TASK INSTRUCTIONS. Since the listing below shows pictures, leave them out and write out exactly the lines from the line with "Rear wood stock" to the line with "下の写真はノボ社の持効型溶解", both included, and no others.

MATERIAL SHOWN.
▶

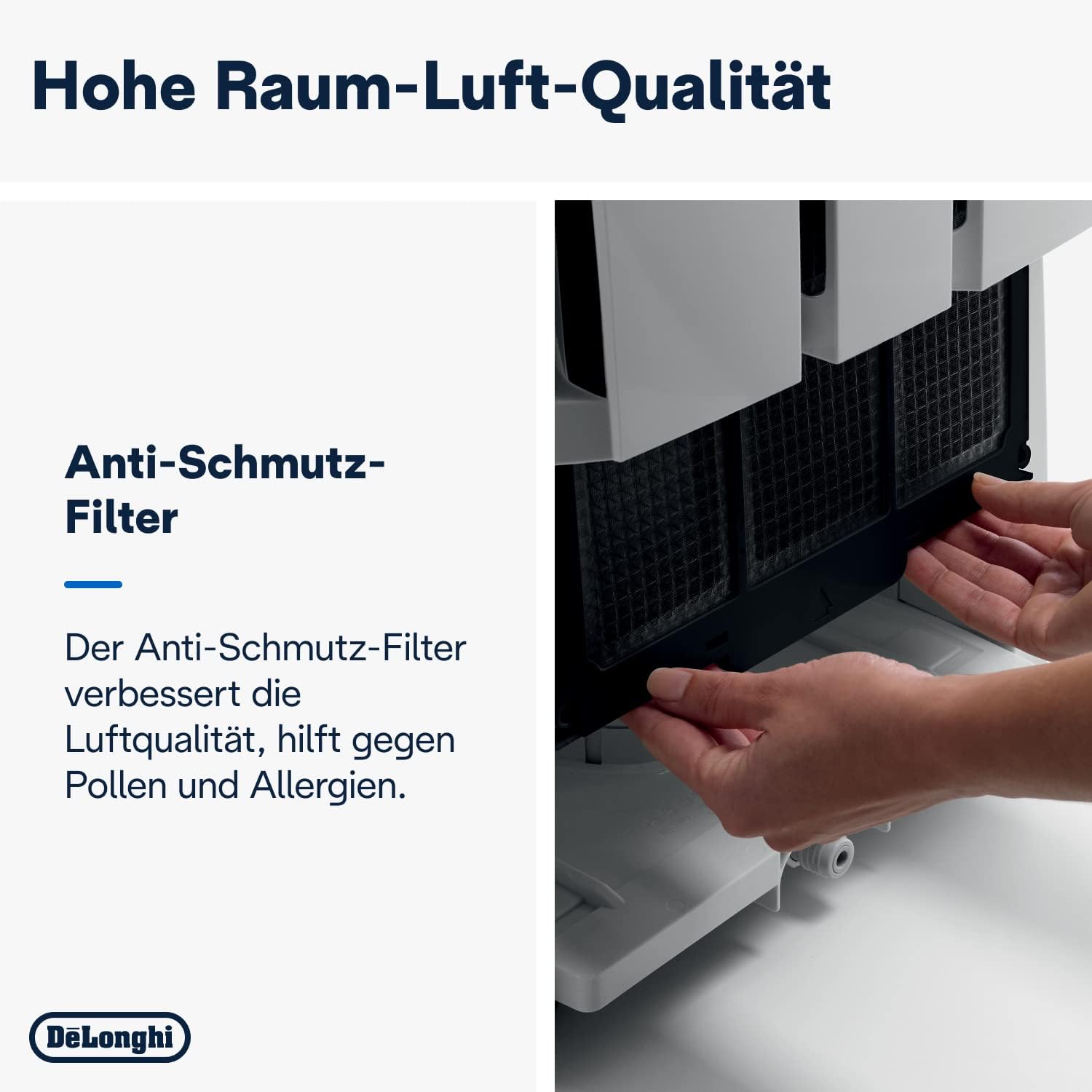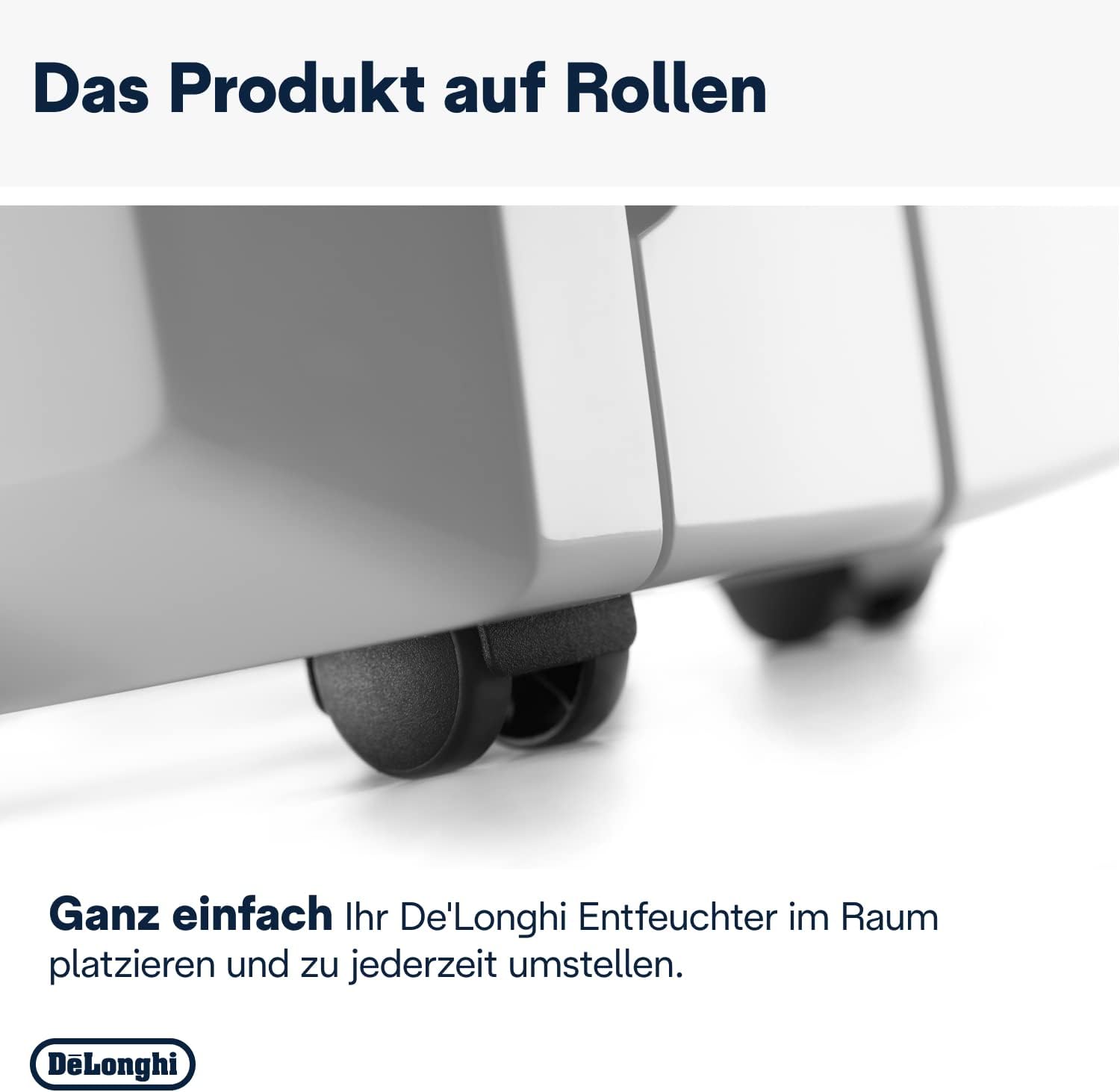 - Lieferumfang: 1 x Luftentfeuchter DD230P in Grau inkl. Abwasserschlauch, grosses LCD Display, vormontierte Transportrollen und integrierte Tragegriffe von De'Longhi
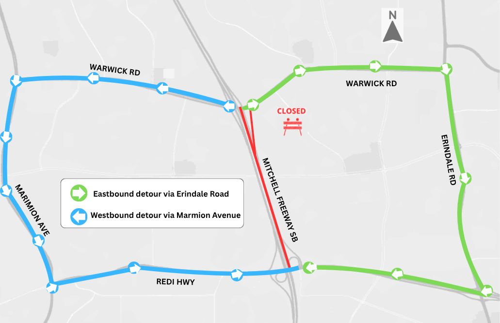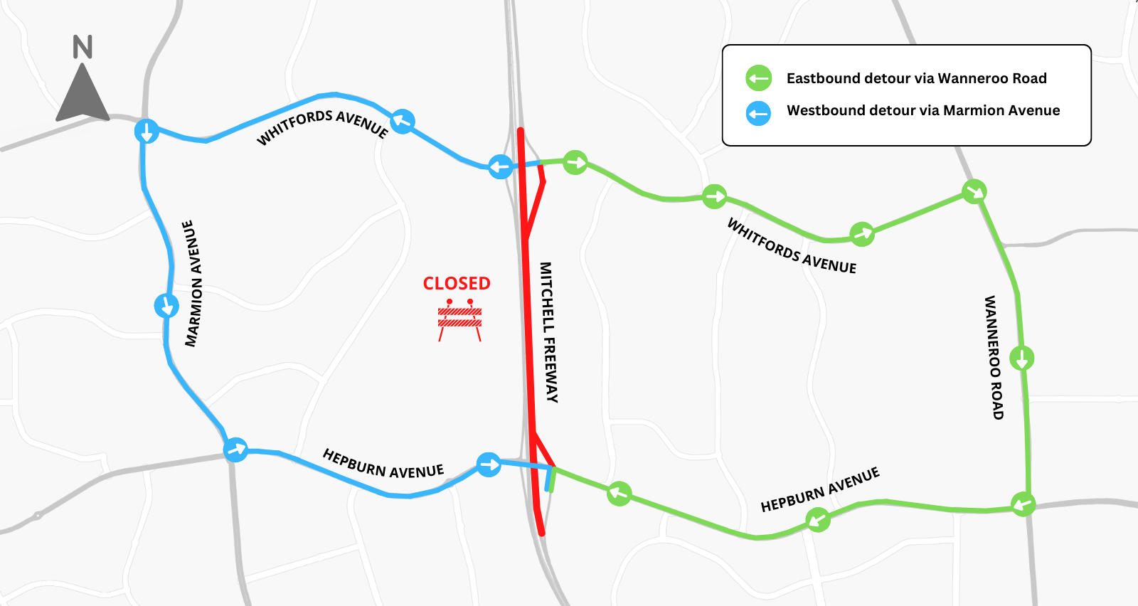 - Whitfords Avenue on-ramp and Hepburn Avenue off-ramp close from 8pm.
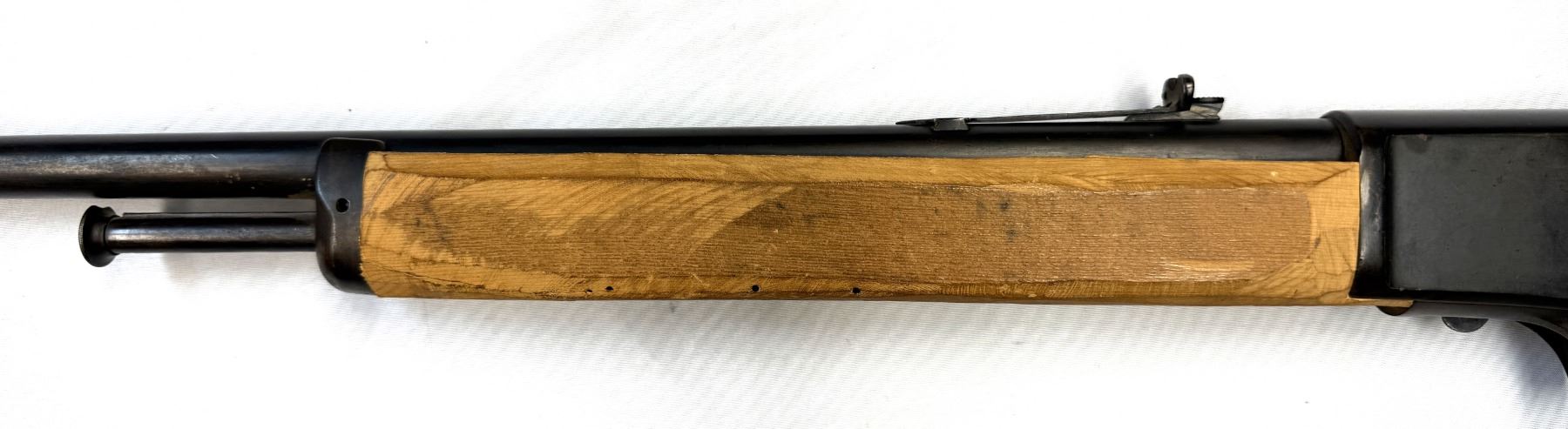 Rear wood stock has no cracks and appears to have original finish which is now worn.
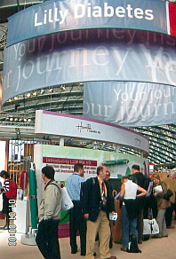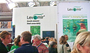 下の写真はノボ社の持効型溶解インスリン「レベミル」のブース。欧州ではすでに発売されています。
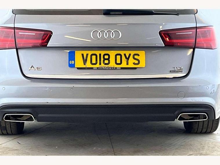 Audi drive select, Audi parking system plus with front and rear sensors, Audible and visual fasten seat belt warning - front and rear, Cruise control, Driver's information system, MMI SD card Navigation, Mobile telephone preparation, PAS, Service interval indicator, Diesel particulate filter, Audi music interface, Auxiliary input socket, DAB digital radio module, MMI Radio plus with CD player and bluetooth interface, SD card slot, USB connection, Auto dimming rear view mirror, Automatic headlights + automatic windscreen wipers, Body colour bumpers, Body colour door mirrors and handles, Body colour roof spoiler, Body coloured door mirrors, Electric front/rear windows, High gloss black finish B pillar, High gloss black triangular aperture at rear door, LED daytime running lights, LED rear lights, Light sensor, Rain sensor, Rear wiper, 12V power in rear centre console, 4 way electric lumbar support for driver and front passenger, 4 zone climate control, Aluminium door sill trims, Double cargo floor, Front centre armrest, Front head restraints, Front/rear floor mats, Height adjustable front seats, Isofix front passenger and rear seat preparation, Jack and tool kit, Load lashing points, Luggage compartment cover, Luggage rails, Rear headrests, Split folding rear seat, Non smoking pack - A6, 3 point seatbelts on all seats, ABS/EBD, ASR traction control, Curtain airbags, Driver and passenger airbags, Driver/front passenger side airbags, Electromechanical parking brake, Electronic stability control, Front passenger airbag deactivation, Hill hold assist, Tyre pressure monitoring system, Warning triangle and first aid kit, Anti theft alarm, Anti-theft wheel bolts, Immobiliser, Keyless start, Remote central locking, Space saver spare wheel,
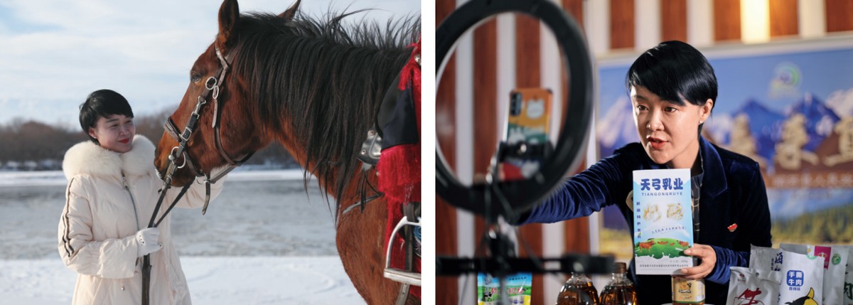 左图:贺娇龙同心爱的伊犁马在一起。右图:贺娇龙在直播“带货”。
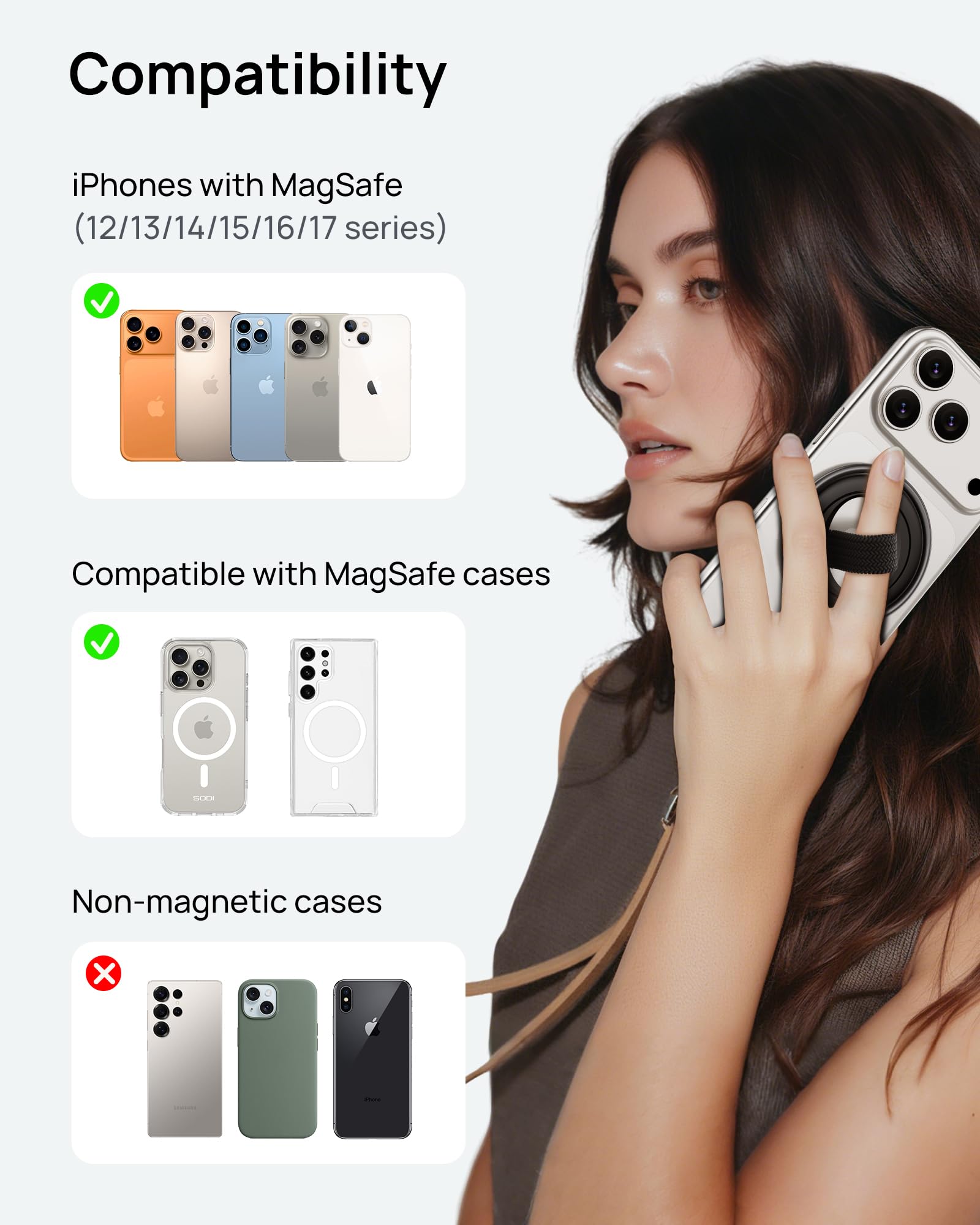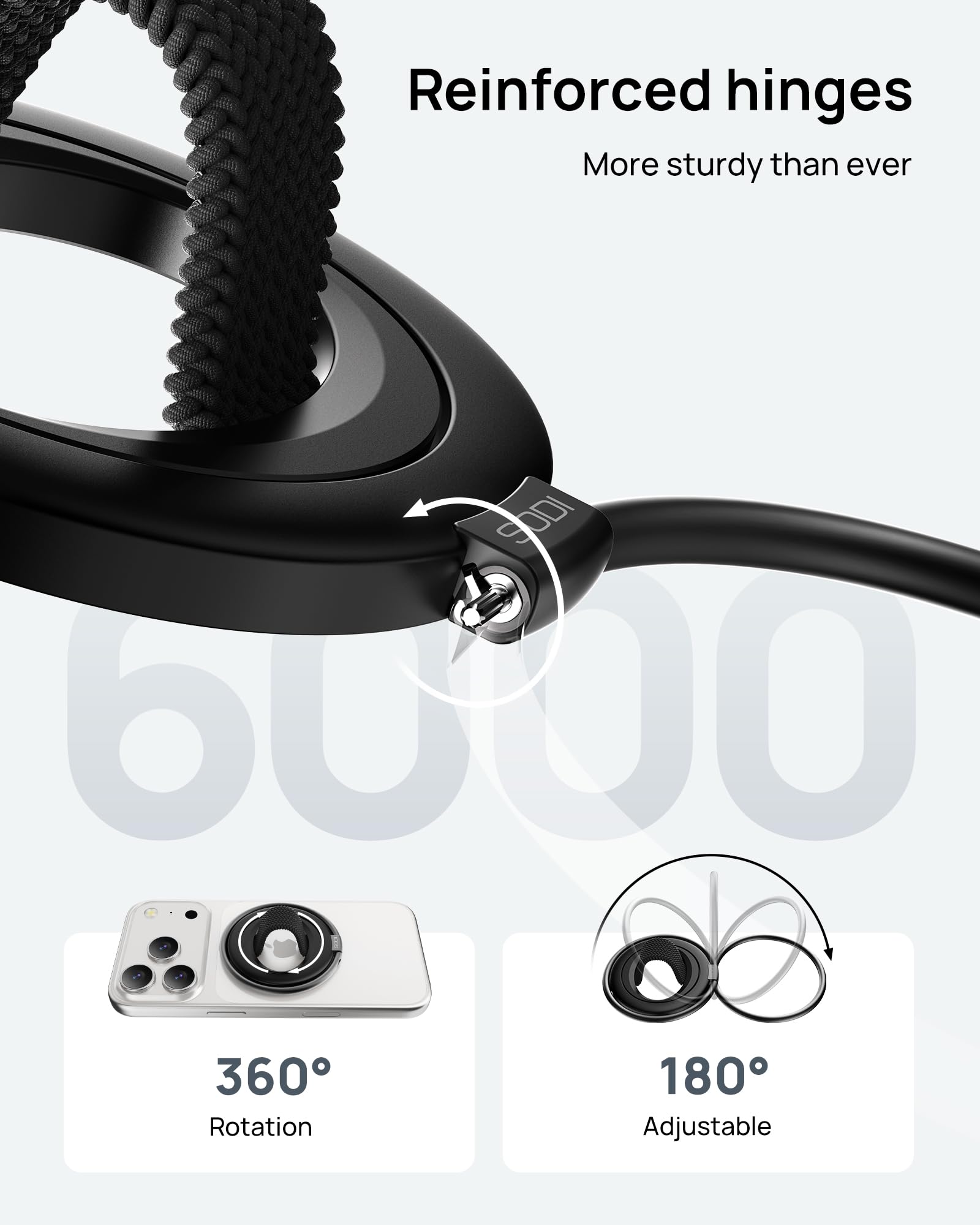 【マグネット・強力磁石】SODI スマホリング&スタンド MagSafe対応 360度回転・180度反転 マグセーフ MagSafe リング 薄型 軽量 マグネット式 磁石 簡単着脱 スマホ落下防止 指かけタイプ iPhone 16/15/14/13/12 Pro Max&Androidシリーズなどに対応 テーブル 金属リング付き ストラップ付き ブラック

◀

RESPONSE AREA.
 Rear wood stock has no cracks and appears to have original finish which is now worn.
 下の写真はノボ社の持効型溶解インスリン「レベミル」のブース。欧州ではすでに発売されています。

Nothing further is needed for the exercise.